Rural households in developing countries relying on fuelwood, noncommercial crop residues and animal dung for their basic energy needs, and with zero or only limited access to modern energy services, are a constraint to eradicating poverty and improving health, education and social and economic development (Section 9.3.1). In several sub-Saharan Africa and other developing countries, traditional biomass accounts for more than 75% of total primary energy. The inefficiency of the whole supply chain, together with indoor air pollution problems, affect a large proportion of the population, particularly the many women who still rely on gathering fuelwood for their basic cooking and heating needs. Solutions to fuelwood scavenging include developing local forest plantations to be harvested sustainably, and improved natural forest management, though these are not always easy to accomplish due to land ownership, cost and social issues (CILSS, 2004).
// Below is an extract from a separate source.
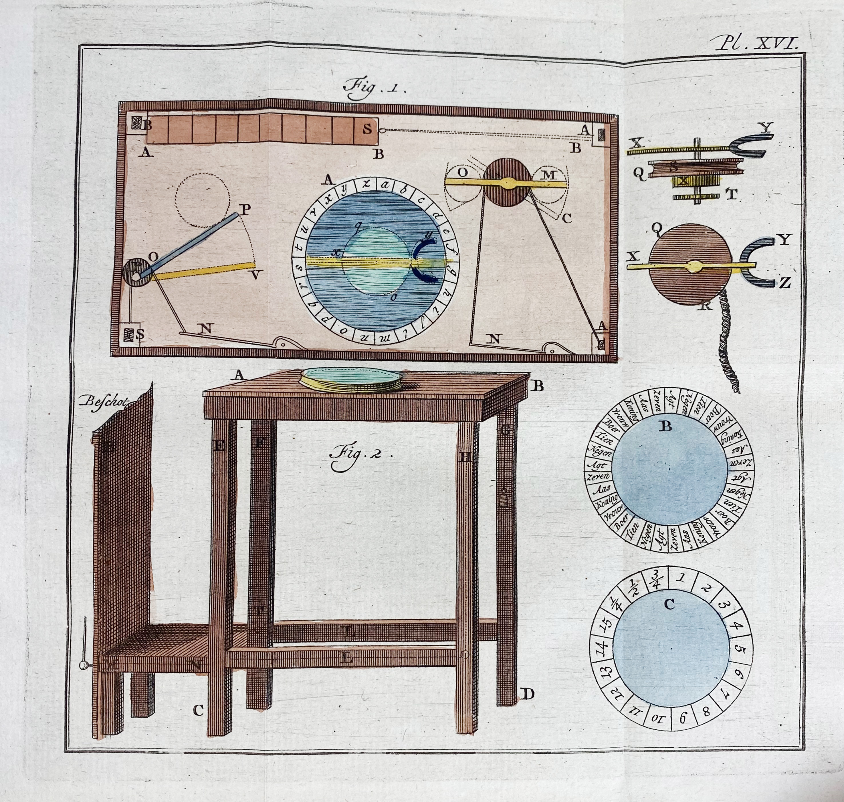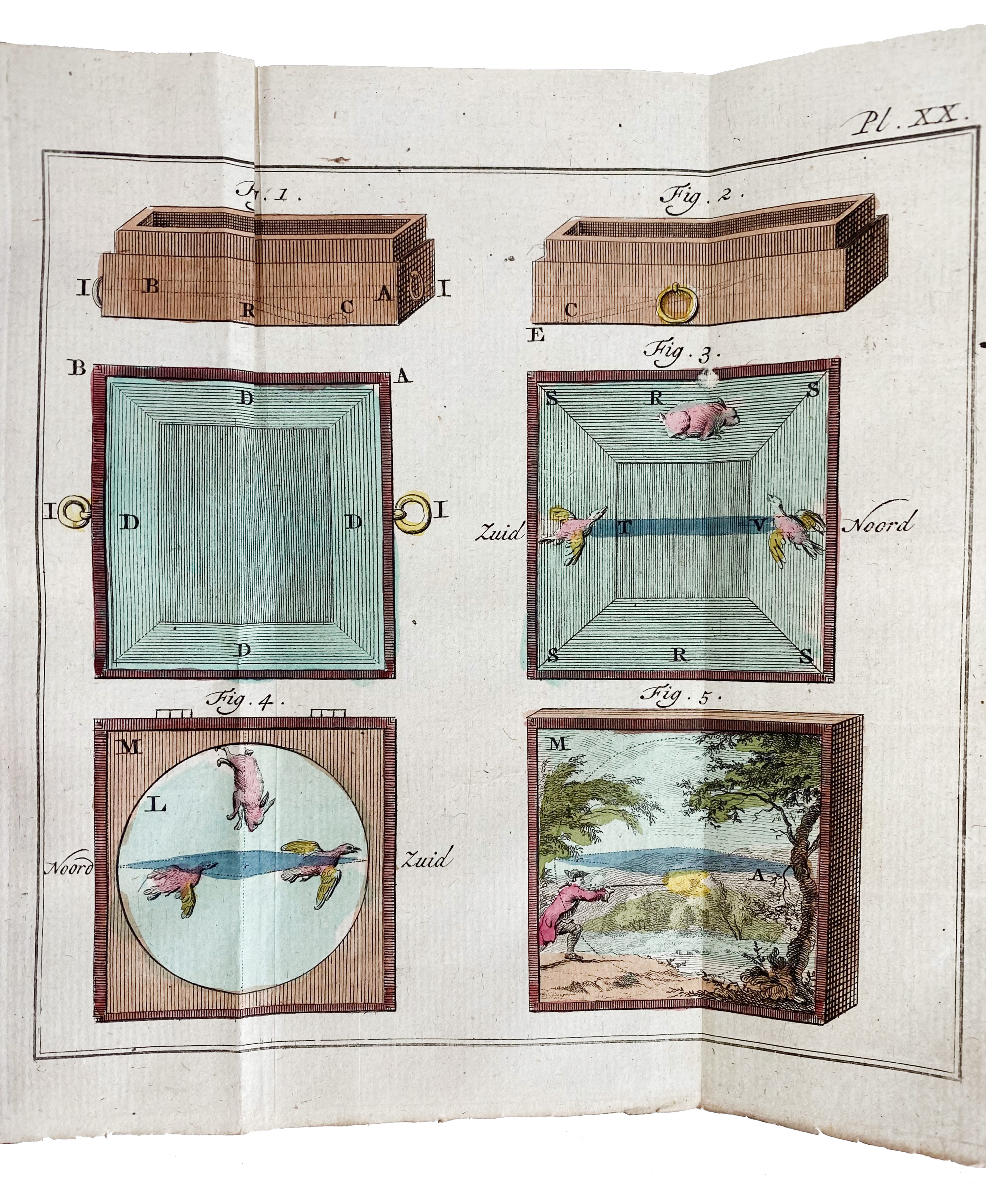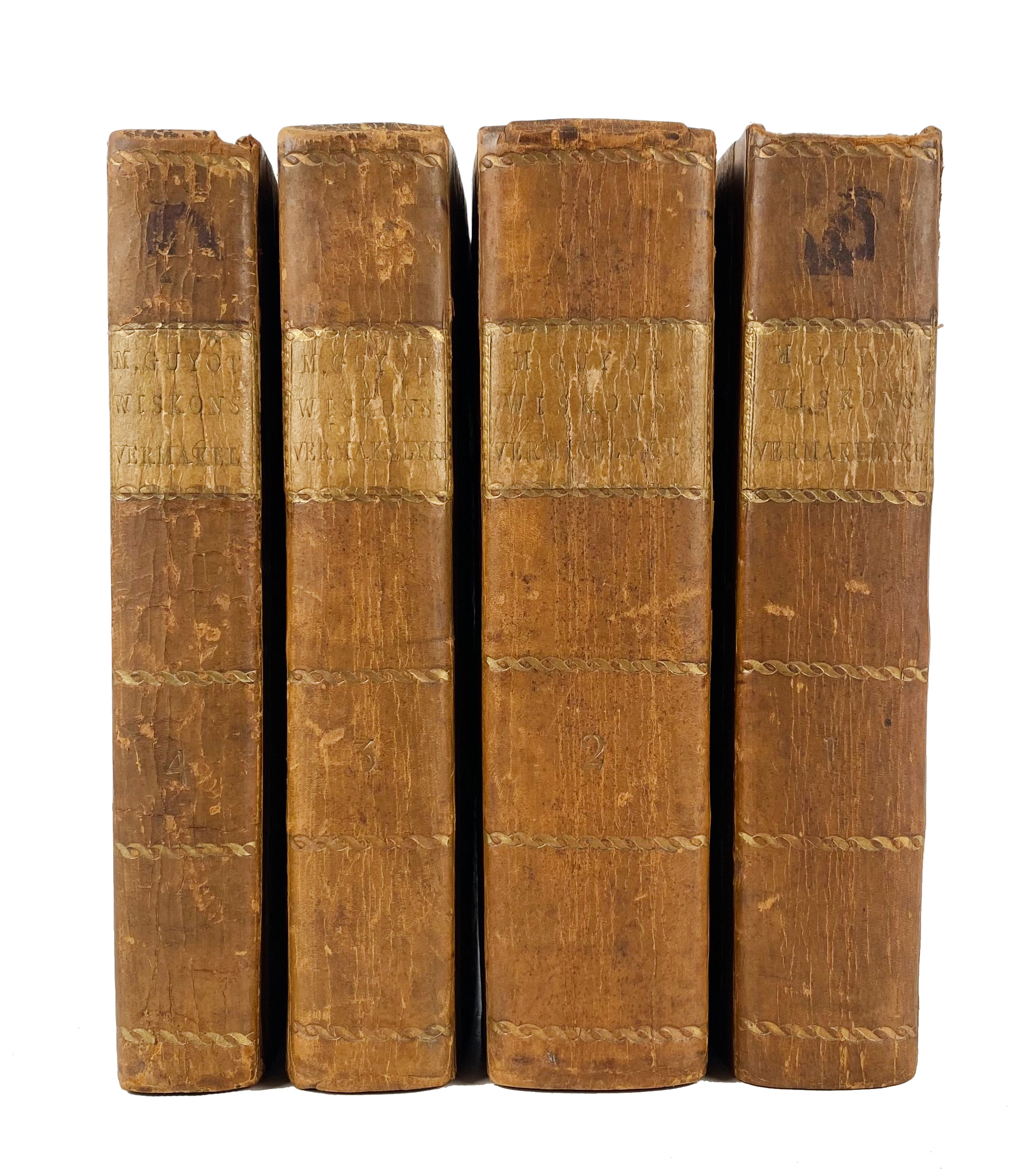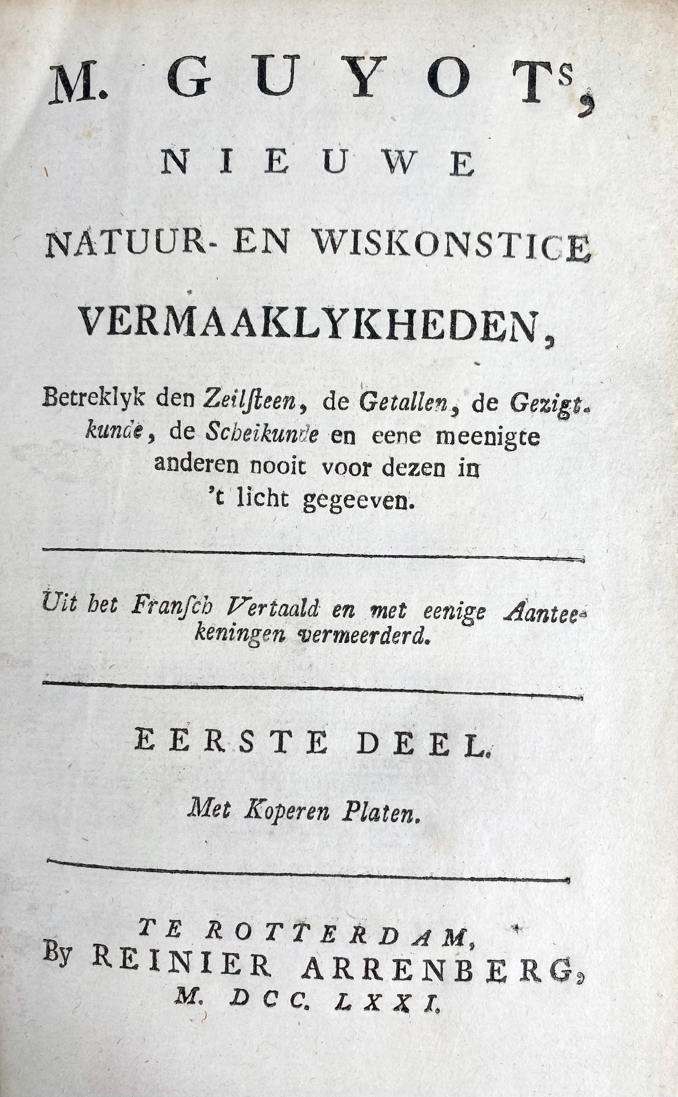 MATHEMATICS -- GUYOT, E.G. Nieuwe natuur- en wiskonstige vermaaklykheden, betreklyk den zeilsteen, de getallen, de gezigtkunde, de scheikunde en eene meenigte anderen nooit voor dezen in 't licht gegeeven. Rott., R. Arrenberg, 1771-75. 4 vols. 414, (4); 622, (2); 396, (4); 338, (2) pp. W. 74 (fold.) engr. plates, for the greater part handcold., & sev. fold. tables. Cont. hcf. w. dec. gilt backs & brown labels.

Around one-quarter of the 2.7 billion people who rely on biomass (and another 0.3 billion on coal) now use improved cook stoves (UNDP and WHO, 2009). This amounts to 166 million households, around 70% being in China. Lighting demands met by relatively costly kerosene lamps, torches and candles, are being slowly replaced by RE electricity technologies that can deliver cost-effective high-quality lighting. For example, around 1 million solar lanterns (REN21, 2010) have been installed worldwide along with over 1.5 million solar PV home systems (also used for radio, television, refrigeration, communications and mobile phone charging). Solar PV-powered water pumps, micro-hydro schemes and mini-grids, small bioenergy gasifiers and biogas plants are all being widely deployed, but reliable statistics are not available to indicate rates of deployment with any accuracy (REN21, 2010).